**WHAT TO WORK ON:** When you give the entries again, keep every word as it stands and drop the pictures.
--- DATA FOR REVIEW Enclosed Below ---
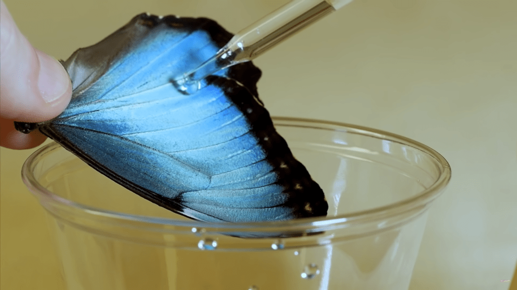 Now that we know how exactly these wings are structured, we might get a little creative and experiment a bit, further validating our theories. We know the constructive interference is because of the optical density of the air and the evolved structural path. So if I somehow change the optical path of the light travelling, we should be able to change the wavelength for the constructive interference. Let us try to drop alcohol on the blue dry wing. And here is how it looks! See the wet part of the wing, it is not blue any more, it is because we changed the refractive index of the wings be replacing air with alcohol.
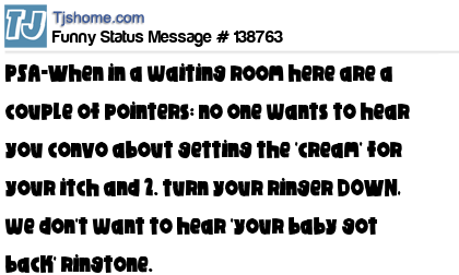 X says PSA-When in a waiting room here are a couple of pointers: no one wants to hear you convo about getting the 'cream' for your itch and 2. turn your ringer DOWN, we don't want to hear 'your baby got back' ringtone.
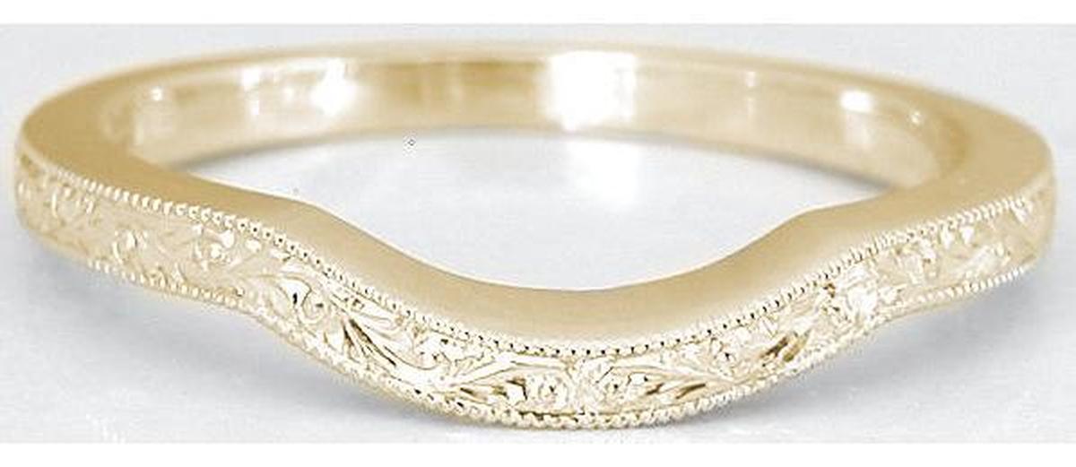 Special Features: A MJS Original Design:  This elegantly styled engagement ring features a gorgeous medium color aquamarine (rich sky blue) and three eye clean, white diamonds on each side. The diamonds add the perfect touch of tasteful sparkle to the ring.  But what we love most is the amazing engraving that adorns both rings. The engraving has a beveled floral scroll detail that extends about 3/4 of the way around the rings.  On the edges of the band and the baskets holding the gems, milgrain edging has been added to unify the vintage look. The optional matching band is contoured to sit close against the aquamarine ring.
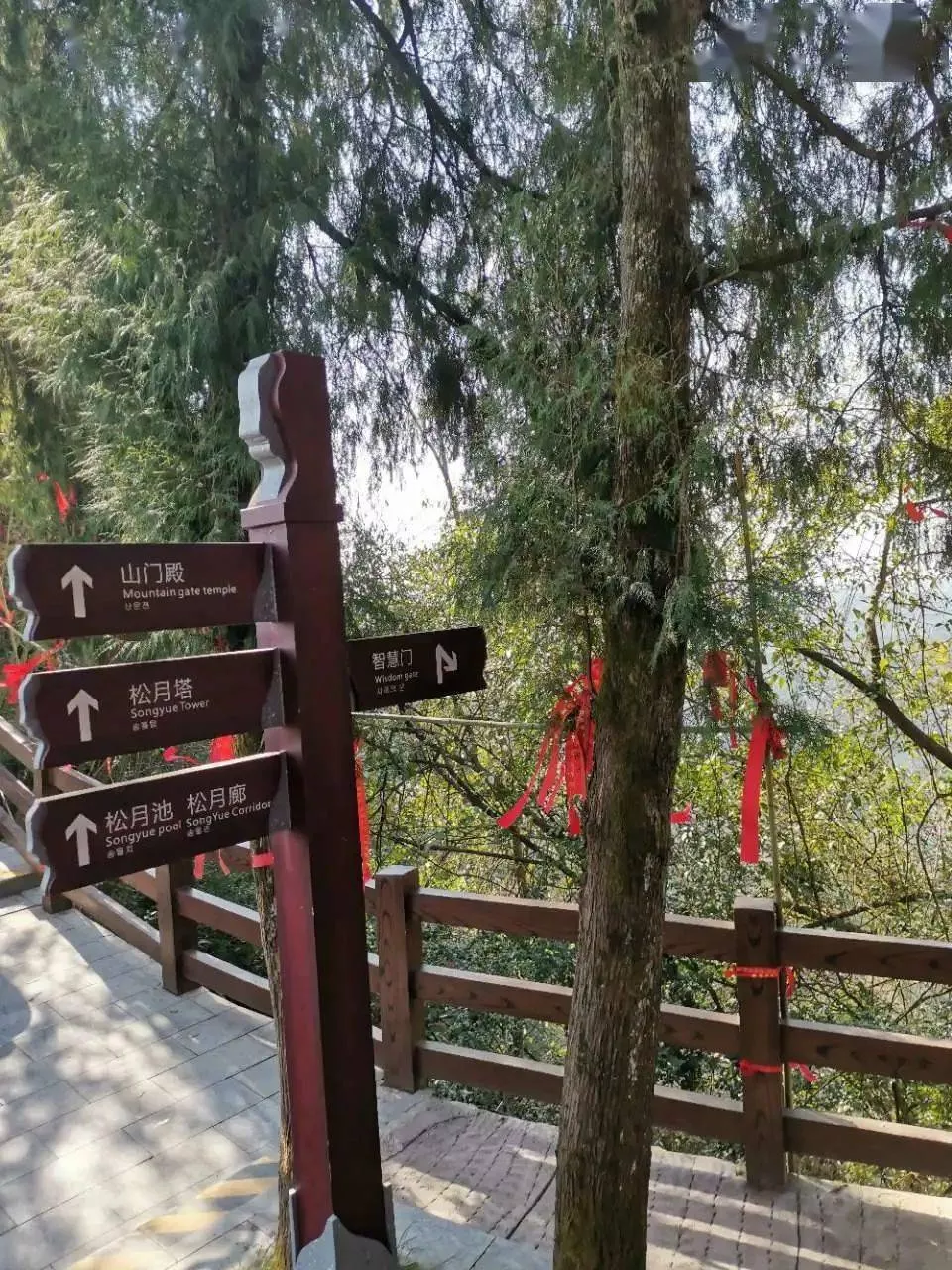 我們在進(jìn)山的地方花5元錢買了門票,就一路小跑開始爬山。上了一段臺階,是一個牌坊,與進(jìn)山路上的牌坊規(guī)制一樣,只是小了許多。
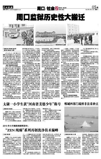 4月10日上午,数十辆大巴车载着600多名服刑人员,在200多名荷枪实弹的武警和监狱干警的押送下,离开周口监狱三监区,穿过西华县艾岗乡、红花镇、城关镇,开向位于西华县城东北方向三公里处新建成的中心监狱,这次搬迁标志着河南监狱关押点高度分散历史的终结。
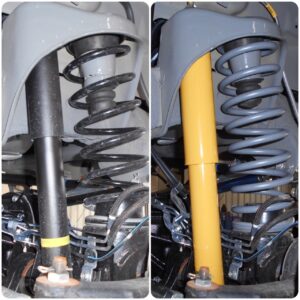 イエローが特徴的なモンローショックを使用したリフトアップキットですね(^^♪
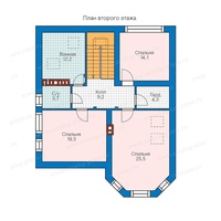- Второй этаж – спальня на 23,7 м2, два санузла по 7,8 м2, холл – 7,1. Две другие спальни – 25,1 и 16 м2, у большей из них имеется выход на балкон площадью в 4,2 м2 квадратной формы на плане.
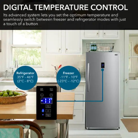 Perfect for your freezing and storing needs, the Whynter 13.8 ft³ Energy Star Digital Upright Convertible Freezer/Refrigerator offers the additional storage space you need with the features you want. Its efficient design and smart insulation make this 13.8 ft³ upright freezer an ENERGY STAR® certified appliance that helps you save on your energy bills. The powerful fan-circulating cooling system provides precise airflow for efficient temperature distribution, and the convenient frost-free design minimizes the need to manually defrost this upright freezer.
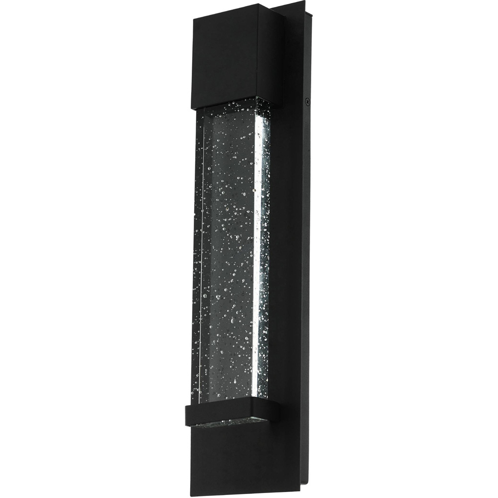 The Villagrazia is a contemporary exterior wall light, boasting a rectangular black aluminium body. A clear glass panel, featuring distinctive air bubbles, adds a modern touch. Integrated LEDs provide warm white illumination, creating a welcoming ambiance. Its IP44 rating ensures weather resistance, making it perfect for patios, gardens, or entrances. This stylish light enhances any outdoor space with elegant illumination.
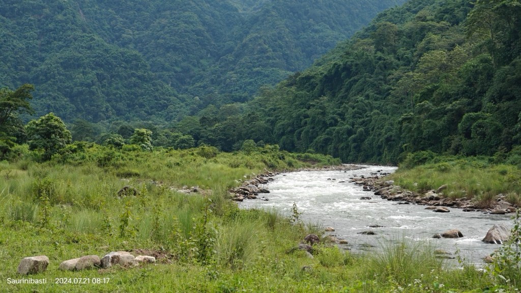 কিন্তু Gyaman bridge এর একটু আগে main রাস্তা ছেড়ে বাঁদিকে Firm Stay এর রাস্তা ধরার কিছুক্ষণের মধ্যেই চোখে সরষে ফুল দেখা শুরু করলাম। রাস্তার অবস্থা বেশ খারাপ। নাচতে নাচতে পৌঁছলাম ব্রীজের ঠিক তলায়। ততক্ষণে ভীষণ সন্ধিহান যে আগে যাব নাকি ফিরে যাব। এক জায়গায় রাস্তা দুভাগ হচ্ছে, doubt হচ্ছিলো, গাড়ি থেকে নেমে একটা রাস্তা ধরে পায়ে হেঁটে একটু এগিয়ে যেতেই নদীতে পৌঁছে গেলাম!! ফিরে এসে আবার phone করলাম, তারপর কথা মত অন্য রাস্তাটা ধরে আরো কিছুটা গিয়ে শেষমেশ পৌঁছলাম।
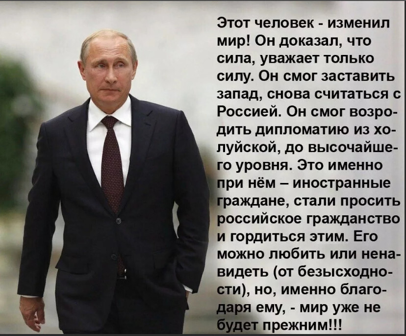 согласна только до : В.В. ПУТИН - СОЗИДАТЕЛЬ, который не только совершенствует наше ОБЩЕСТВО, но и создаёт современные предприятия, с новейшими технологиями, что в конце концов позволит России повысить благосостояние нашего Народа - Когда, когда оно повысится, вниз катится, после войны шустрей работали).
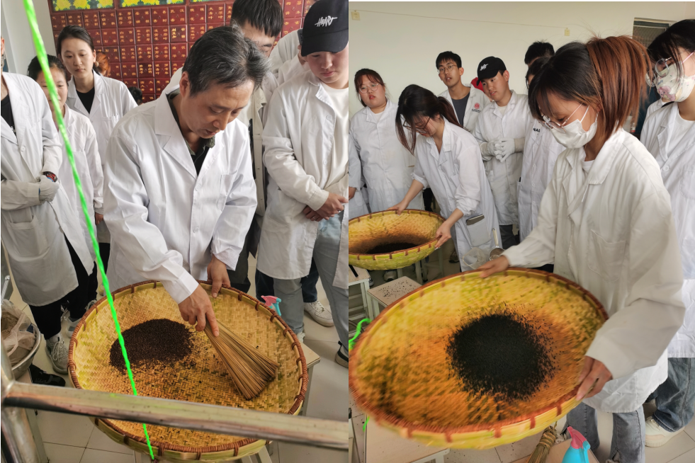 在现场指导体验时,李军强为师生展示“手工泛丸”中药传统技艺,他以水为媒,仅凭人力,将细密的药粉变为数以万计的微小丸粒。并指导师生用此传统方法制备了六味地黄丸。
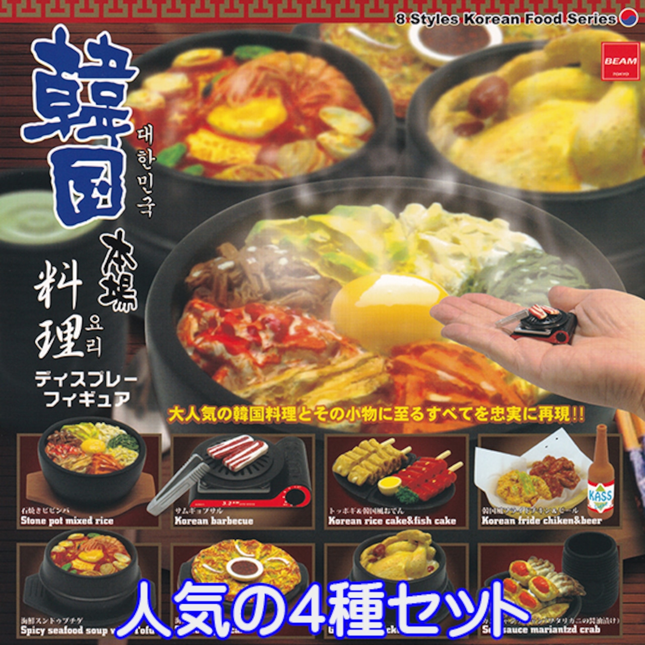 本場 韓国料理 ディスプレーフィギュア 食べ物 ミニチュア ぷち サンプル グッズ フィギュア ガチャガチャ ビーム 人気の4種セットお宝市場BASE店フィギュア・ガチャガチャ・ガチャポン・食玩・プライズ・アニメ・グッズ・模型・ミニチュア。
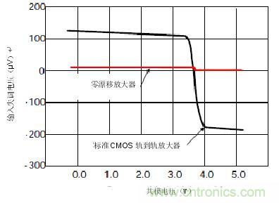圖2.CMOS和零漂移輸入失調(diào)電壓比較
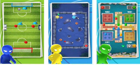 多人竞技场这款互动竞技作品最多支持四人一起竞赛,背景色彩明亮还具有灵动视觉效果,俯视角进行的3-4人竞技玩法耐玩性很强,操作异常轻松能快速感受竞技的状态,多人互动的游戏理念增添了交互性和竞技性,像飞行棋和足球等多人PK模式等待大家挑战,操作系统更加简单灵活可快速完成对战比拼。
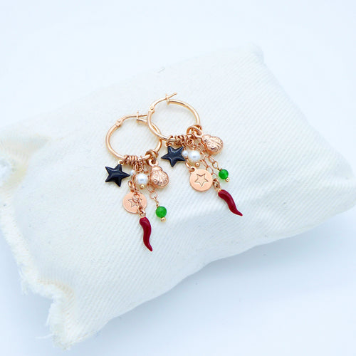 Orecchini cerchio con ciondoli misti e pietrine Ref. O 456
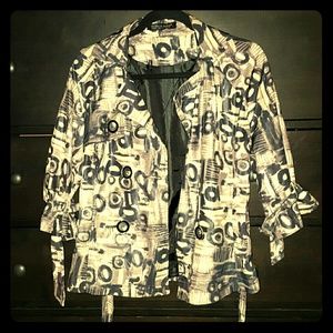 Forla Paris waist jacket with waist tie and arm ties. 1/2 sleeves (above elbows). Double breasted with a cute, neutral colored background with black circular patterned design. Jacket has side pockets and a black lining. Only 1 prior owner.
--- End of Enclosed DATA FOR REVIEW ---
**WRITTEN RESPONSE:**
 Now that we know how exactly these wings are structured, we might get a little creative and experiment a bit, further validating our theories. We know the constructive interference is because of the optical density of the air and the evolved structural path. So if I somehow change the optical path of the light travelling, we should be able to change the wavelength for the constructive interference. Let us try to drop alcohol on the blue dry wing. And here is how it looks! See the wet part of the wing, it is not blue any more, it is because we changed the refractive index of the wings be replacing air with alcohol.
 X says PSA-When in a waiting room here are a couple of pointers: no one wants to hear you convo about getting the 'cream' for your itch and 2. turn your ringer DOWN, we don't want to hear 'your baby got back' ringtone.
 Special Features: A MJS Original Design:  This elegantly styled engagement ring features a gorgeous medium color aquamarine (rich sky blue) and three eye clean, white diamonds on each side. The diamonds add the perfect touch of tasteful sparkle to the ring.  But what we love most is the amazing engraving that adorns both rings. The engraving has a beveled floral scroll detail that extends about 3/4 of the way around the rings.  On the edges of the band and the baskets holding the gems, milgrain edging has been added to unify the vintage look. The optional matching band is contoured to sit close against the aquamarine ring.
 我們在進(jìn)山的地方花5元錢買了門票,就一路小跑開始爬山。上了一段臺階,是一個牌坊,與進(jìn)山路上的牌坊規(guī)制一樣,只是小了許多。
 4月10日上午,数十辆大巴车载着600多名服刑人员,在200多名荷枪实弹的武警和监狱干警的押送下,离开周口监狱三监区,穿过西华县艾岗乡、红花镇、城关镇,开向位于西华县城东北方向三公里处新建成的中心监狱,这次搬迁标志着河南监狱关押点高度分散历史的终结。
 イエローが特徴的なモンローショックを使用したリフトアップキットですね(^^♪
- Второй этаж – спальня на 23,7 м2, два санузла по 7,8 м2, холл – 7,1. Две другие спальни – 25,1 и 16 м2, у большей из них имеется выход на балкон площадью в 4,2 м2 квадратной формы на плане.
 Perfect for your freezing and storing needs, the Whynter 13.8 ft³ Energy Star Digital Upright Convertible Freezer/Refrigerator offers the additional storage space you need with the features you want. Its efficient design and smart insulation make this 13.8 ft³ upright freezer an ENERGY STAR® certified appliance that helps you save on your energy bills. The powerful fan-circulating cooling system provides precise airflow for efficient temperature distribution, and the convenient frost-free design minimizes the need to manually defrost this upright freezer.
 The Villagrazia is a contemporary exterior wall light, boasting a rectangular black aluminium body. A clear glass panel, featuring distinctive air bubbles, adds a modern touch. Integrated LEDs provide warm white illumination, creating a welcoming ambiance. Its IP44 rating ensures weather resistance, making it perfect for patios, gardens, or entrances. This stylish light enhances any outdoor space with elegant illumination.
 কিন্তু Gyaman bridge এর একটু আগে main রাস্তা ছেড়ে বাঁদিকে Firm Stay এর রাস্তা ধরার কিছুক্ষণের মধ্যেই চোখে সরষে ফুল দেখা শুরু করলাম। রাস্তার অবস্থা বেশ খারাপ। নাচতে নাচতে পৌঁছলাম ব্রীজের ঠিক তলায়। ততক্ষণে ভীষণ সন্ধিহান যে আগে যাব নাকি ফিরে যাব। এক জায়গায় রাস্তা দুভাগ হচ্ছে, doubt হচ্ছিলো, গাড়ি থেকে নেমে একটা রাস্তা ধরে পায়ে হেঁটে একটু এগিয়ে যেতেই নদীতে পৌঁছে গেলাম!! ফিরে এসে আবার phone করলাম, তারপর কথা মত অন্য রাস্তাটা ধরে আরো কিছুটা গিয়ে শেষমেশ পৌঁছলাম।
 согласна только до : В.В. ПУТИН - СОЗИДАТЕЛЬ, который не только совершенствует наше ОБЩЕСТВО, но и создаёт современные предприятия, с новейшими технологиями, что в конце концов позволит России повысить благосостояние нашего Народа - Когда, когда оно повысится, вниз катится, после войны шустрей работали).
 在现场指导体验时,李军强为师生展示“手工泛丸”中药传统技艺,他以水为媒,仅凭人力,将细密的药粉变为数以万计的微小丸粒。并指导师生用此传统方法制备了六味地黄丸。
 本場 韓国料理 ディスプレーフィギュア 食べ物 ミニチュア ぷち サンプル グッズ フィギュア ガチャガチャ ビーム 人気の4種セットお宝市場BASE店フィギュア・ガチャガチャ・ガチャポン・食玩・プライズ・アニメ・グッズ・模型・ミニチュア。
圖2.CMOS和零漂移輸入失調(diào)電壓比較
 多人竞技场这款互动竞技作品最多支持四人一起竞赛,背景色彩明亮还具有灵动视觉效果,俯视角进行的3-4人竞技玩法耐玩性很强,操作异常轻松能快速感受竞技的状态,多人互动的游戏理念增添了交互性和竞技性,像飞行棋和足球等多人PK模式等待大家挑战,操作系统更加简单灵活可快速完成对战比拼。
 Orecchini cerchio con ciondoli misti e pietrine Ref. O 456
 Forla Paris waist jacket with waist tie and arm ties. 1/2 sleeves (above elbows). Double breasted with a cute, neutral colored background with black circular patterned design. Jacket has side pockets and a black lining. Only 1 prior owner.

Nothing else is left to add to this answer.